Freedman, Michael H ¹ ; Walker, Kevin ¹ ; Wang, Zhenghan ²

¹ Microsoft Research, Redmond, Washington 98052, USA
² Department of Mathematics, Indiana University, Bloomington, Indiana 47045, USA

Geometry & topology, Tome 6 (2002) no. 2, pp. 523-539.

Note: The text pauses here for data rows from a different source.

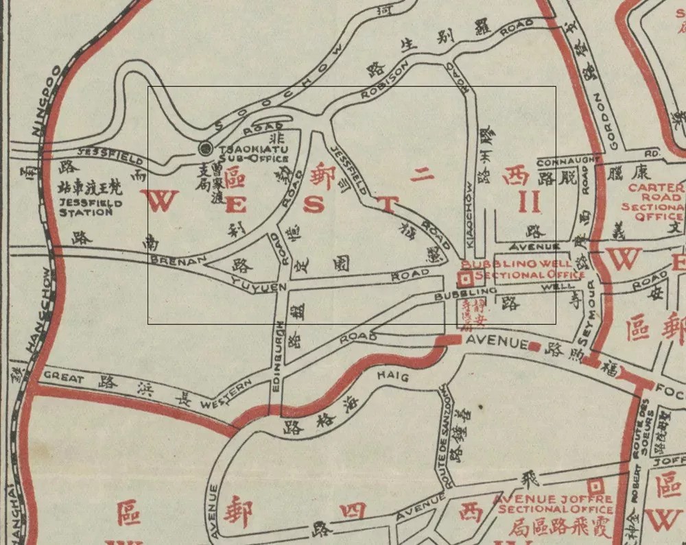 除公交车外,煤气、电灯、邮政等近代公用事业,菜场、救火会等基础设施和机构陆续设点曹家渡。1908年曹家渡出现了最初的邮政业务。1914年全国邮政建置调整,“分全国为二十一邮区,每设管理局一所,次为支局,次为代理支局。上海一埠自为一区,设管理局,并设9个支局,其中曹家渡有一处支局。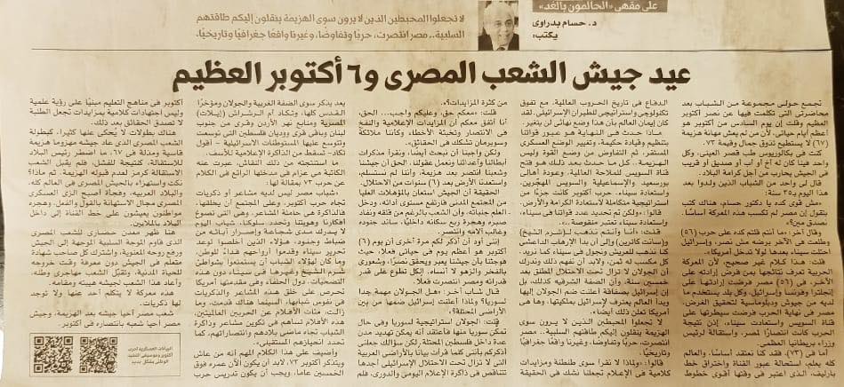 I add to this important speech that whoever lived and remembers October 73, he must now be over fifty years old, and teaching the October War in education curricula must be based on a scientific vision and not rhetorical judgments with bids that make students not believe the facts after that.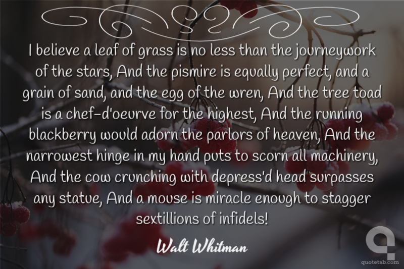 Far overhead from beyond the veil of blue sky which hid them the stars sang again; a pure, cold, difficult music. Then there came a swift flash like fire (but it burnt nobody) either from the sky or from the Lion itself, and every drop of blood tingled in the children's bodies, and the deepest, wildest voice they had ever heard was saying: "Narnia, Narnia, Narnia, awake. Love. Think. Speak. Be walking trees. Be talking beasts. Be divine waters. C. S. Lewis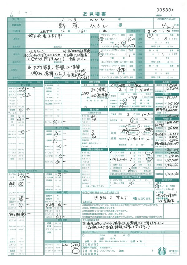 2015.07.03引っ越し見積もり料金 簡易シミュレーション

Voir la notice de l'article provenant de la source Mathematical Sciences Publishers

Résumé

The Jones–Witten theory gives rise to representations of the (extended) mapping class group of any closed surface $Y$ indexed by a semi-simple Lie group $G$ and a level $k$ . In the case $G = S U (2)$ these representations (denoted $V_{A} (Y)$ ) have a particularly simple description in terms of the Kauffman skein modules with parameter $A$ a primitive $4 r$ th root of unity ( $r = k + 2$ ). In each of these representations (as well as the general $G$ case), Dehn twists act as transformations of finite order, so none represents the mapping class group $ℳ (Y)$ faithfully. However, taken together, the quantum $S U (2)$ representations are faithful on non-central elements of $ℳ (Y)$ . (Note that $ℳ (Y)$ has non-trivial center only if $Y$ is a sphere with $0, 1,$ or $2$ punctures, a torus with $0, 1,$ or $2$ punctures, or the closed surface of genus $= 2$ .) Specifically, for a non-central $h \in ℳ (Y)$ there is an $r_{0} (h)$ such that if $r \geq r_{0} (h)$ and $A$ is a primitive $4 r$ th root of unity then $h$ acts projectively nontrivially on $V_{A} (Y)$ . Jones’ original representation $ρ_{n}$ of the braid groups $B_{n}$ , sometimes called the generic $q$ –analog– $S U (2)$ –representation, is not known to be faithful. However, we show that any braid $h \neq id \in B_{n}$ admits a cabling $c = c_{1}, \dots, c_{n}$ so that $ρ_{N} (c (h)) \neq id$ , $N = c_{1} + \dots + c_{n}$ .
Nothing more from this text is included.